NVIDIA Cosmos3 world models land on Amazon SageMaker JumpStart for physical AI

NVIDIA made its Cosmos 3 family of world models — Cosmos3-Edge, Cosmos3-Nano and Cosmos3-Super — available on Amazon SageMaker JumpStart on August 27. Positioned as open, frontier omnimodal world models for physical AI, Cosmos 3 targets robotics, autonomous vehicles and vision systems that must perceive, reason, plan and act in the real world.
World models differ from language models in that they learn dynamics — how scenes evolve over time — enabling simulation, prediction and planning for embodied systems. Offering three size tiers (Edge for on-device, Nano for constrained compute, Super for maximum capability) lets developers match the model to deployment constraints, from a robot's onboard compute to a data-center training pipeline. Availability on SageMaker JumpStart means AWS customers can deploy them with minimal setup inside existing ML workflows.

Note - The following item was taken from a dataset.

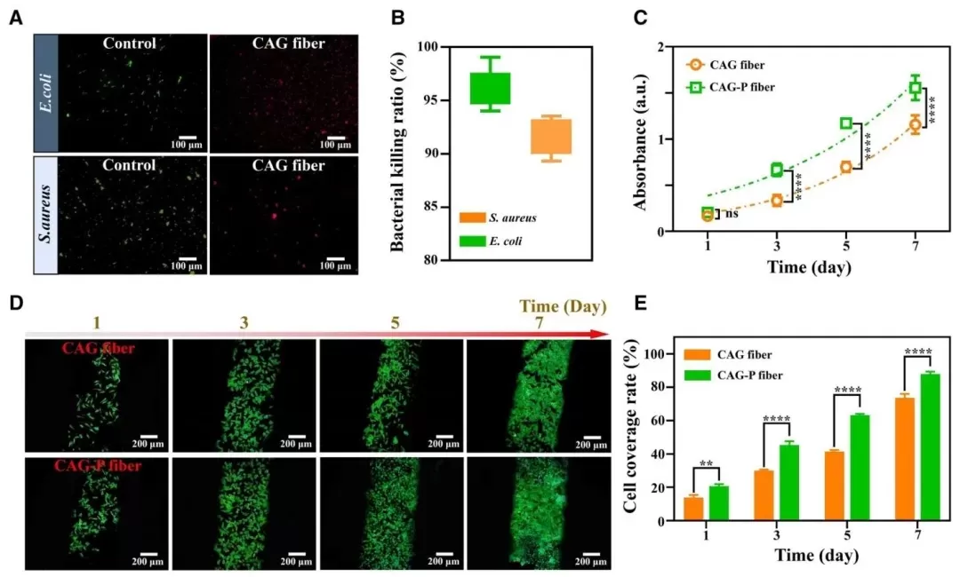 CAG-P纤维的体外抗菌性能和生物相容性,利用活/死染色法评估对大肠杆菌和金黄色葡萄球菌的抗菌性能、通过CCK-8法检测细胞增殖率以及荧光染色观察细胞覆盖情况等研究方法,研究了CAG-P纤维的抗菌能力和对L929细胞的生物相容性。结果表明,CAG-P纤维对两种细菌的杀菌率高(对金黄色葡萄球菌达96.32%,对大肠杆菌达91.56%),且生物相容性良好,能促进L929细胞增殖,第7天细胞覆盖率比对照组高14.18%。

The release dovetails with the week's physical-AI theme. Anthropic previewed its Model Hardware Standard for controlling robots and lab tools, and the AWS-NVIDIA 2M-GPU expansion was explicitly framed around 'agentic and physical AI.' NVIDIA is planting world models as the perception/planning layer beneath that build-out, complementing its Isaac robotics stack and Omniverse simulation tools.
Competitively, this pits NVIDIA against Google DeepMind's robotics and world-model research and a growing field of physical-AI startups. The open, omnimodal framing is a bid to make Cosmos the default substrate for robotics developers the way CUDA became default for GPU compute. Skeptical questions center on real-world generalization — world models trained largely in simulation can struggle with the messiness of physical deployment, the same 'lacks physical intuition' caveat Anthropic raised about LLMs. Watch which robotics and AV customers adopt Cosmos 3 on AWS and whether benchmark or demo evidence backs the perceive-reason-plan-act claims.